Even if it was n^3 the value of n is so low it isn't restrictive. The benefit
is that it is relatively uncommon (not being targeted), and it is more
difficult than the average captcha (less likely to be targeted). It is also
resistant to brute force (many captchas have the answer to them included in
the question, this one requires some parsing and solving, not simply trying
words near the captcha randomly). This captcha is not perfect, but I think it
is better than most current captchas, and it is deliver neutral (doesn't
penalize the impaired). Thus it seems like a step in the right direction, but
is not a final destination by any means.

By non-consistent UI I mean breaking the "Name, Email, Webpage, Body"
paradigm. I think a good (although certainly harder to implement) example of
this is <http://www.djangobook.com/en/beta/chapter01/> . If you click on the
little tabs/indexes on the side of the page a little comment box pops up that
is relevant to the specific position.

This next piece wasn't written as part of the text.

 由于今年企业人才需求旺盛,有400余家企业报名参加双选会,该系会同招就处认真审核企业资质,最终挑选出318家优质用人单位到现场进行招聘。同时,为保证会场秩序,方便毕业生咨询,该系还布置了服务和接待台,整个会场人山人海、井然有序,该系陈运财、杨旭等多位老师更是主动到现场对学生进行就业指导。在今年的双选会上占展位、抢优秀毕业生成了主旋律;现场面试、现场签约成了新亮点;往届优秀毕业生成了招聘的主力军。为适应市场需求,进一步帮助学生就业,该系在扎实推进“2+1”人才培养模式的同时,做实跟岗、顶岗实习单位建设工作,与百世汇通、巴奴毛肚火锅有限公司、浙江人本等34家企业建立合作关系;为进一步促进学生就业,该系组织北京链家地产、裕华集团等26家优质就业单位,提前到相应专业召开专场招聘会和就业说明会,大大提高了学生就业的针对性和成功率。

This UI is sufficiently different from a
standard commenting system that a standard form filling spambot would be
clueless. This is only an example, but perhaps it helps explain my idea of
diversifying a bit. Other types of spam bots would not be affected, but
perhaps similar changes would make them less effective as well (your example
of using Ajax is a good possible example).

------
whacked_new
IMHO captchas still have their place. Any type of turing test would require
intervention by the user. I dunno how low the threshold of annoyance is for
most users, but I tend to think that "reproduce this text" produces a lower
cognitive load than, for example, "what is 4 + 3." If your text is extremely
jarbled that's a different matter... note to self.

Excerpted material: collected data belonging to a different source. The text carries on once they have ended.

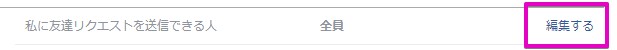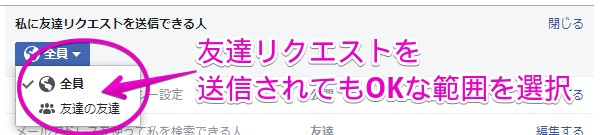 現在の検索可能範囲が「全員」になっている場合は、「友達の友達」「友達」「自分のみ」のどれかに変更します。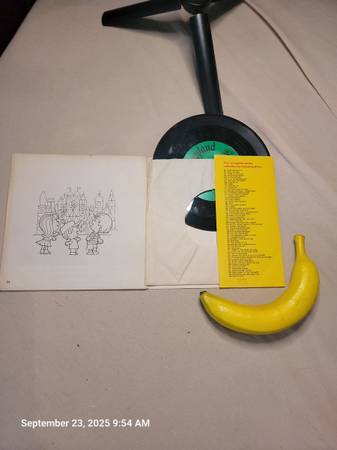 Vintage 1965 Disneyland Record and Book set: Walt Disney’s Story of Mary Poppins with songs from the film. Includes 33⅓ RPM vinyl record and 24-page illustrated read-along book. Features classic Sherman brothers songs including “Supercalifragilisticexpialidocious” and “Chim Chim Cher-ee.” Cover shows wear and has partial shrink wrap, record with visible play marks but playable. A charming Disney collectible for fans of Mary Poppins and mid-century children’s records. Banana for scale.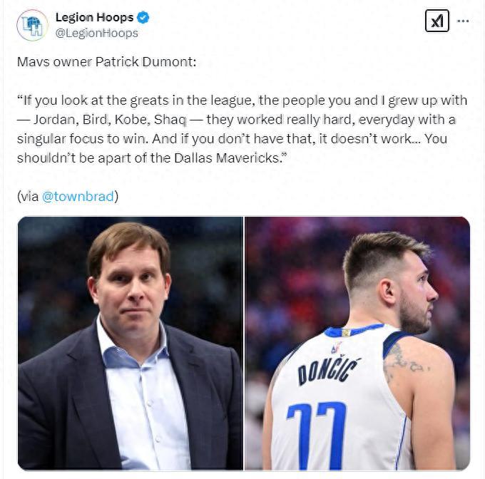 北京時間2月10日,獨行俠老闆帕特里克-杜蒙談到交易東契奇:“你們看看聯盟中那些陪我們長大的名宿——喬丹、伯德、科比、奧尼爾,他們每一天都在努力,專注於取勝,如果你不努力那麼你就不該成爲獨行俠的一員。”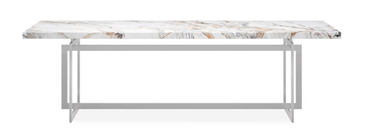 Product Description: Caracole CLA-424-2013D Wish You Were Here Table - Because not all dining rooms are created equal, there’s the Wish You Were Here table. An extraordinary example of organic luxe, it offers an ultra-impressive 100-inch stone tabletop. A bold, open geometric base finished in Lightly Brushed Chrome creates a mix of materials and brings in the glamour. With a dining room table this stunning, you’ll hesitate to cover it!

Picture matching is a viable alternative and can reduce cog load, but it also
increases the time between captcha and the intended action. I use a
3-character captcha. We'll see how that holds.

------
tomh
Could be worse things than typing words. Brad Fitzpatrick call this the best
CAPTCHA ever: <http://brad.livejournal.com/2331278.html>

------
coffeeaddicted
I had good results with doing an own small modification to our forum software.
I had never done anything with PHP before, but knowing enough c programming
that was still done below an hour (finding the right place to modify was the
only hard part).

I think the point is not which modification I made - nothing that was much
different from some other usual spam-prevention mods which are in use. The
trick is that no spammer cares about a single site enough to work around a
custom solution.

------
daniel-cussen
I've noticed these things get harder and harder all the time. In the end it
will be like a test to block humans out.

Of course, the only thing you really care about when someone/thing does a
captcha is that the, uh, thing won't spam and that it will give you money.
This problem might go away if someone succeeds in designing a system for
making micropayments with a much smaller granularity than Paypal.

------
daniel-cussen
I'm OK with captchas being difficult and even annoying. However, I leave the
site if I have to try more than twice.

------
ivankirigin
Transparent human detection could be achieved with face-detection in a webcam
with controls to ensure the stream is live.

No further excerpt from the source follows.